───── STUDY MATERIAL ─────

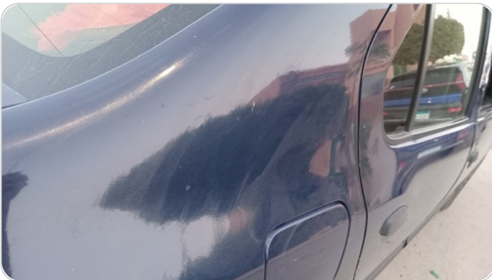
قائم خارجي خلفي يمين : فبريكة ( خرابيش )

─────
───── STUDY MATERIAL ─────

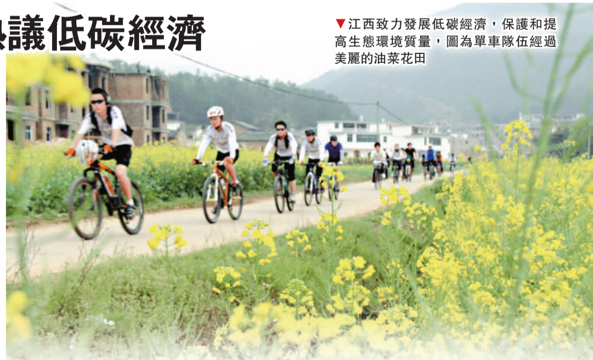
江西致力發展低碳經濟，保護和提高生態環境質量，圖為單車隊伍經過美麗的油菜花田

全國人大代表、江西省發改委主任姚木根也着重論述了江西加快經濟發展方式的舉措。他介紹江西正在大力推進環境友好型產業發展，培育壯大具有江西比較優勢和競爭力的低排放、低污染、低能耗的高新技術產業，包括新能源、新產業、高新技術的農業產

─────

Set down precisely the lines above between the line holding "江西致力發展低碳經濟，保護和提高生態環境質量，圖為單車隊伍經過美麗的油菜花田" and the line holding "全國人大代表、江西省發改委主", inclusive, and nothing beyond them.

江西致力發展低碳經濟，保護和提高生態環境質量，圖為單車隊伍經過美麗的油菜花田

全國人大代表、江西省發改委主任姚木根也着重論述了江西加快經濟發展方式的舉措。他介紹江西正在大力推進環境友好型產業發展，培育壯大具有江西比較優勢和競爭力的低排放、低污染、低能耗的高新技術產業，包括新能源、新產業、高新技術的農業產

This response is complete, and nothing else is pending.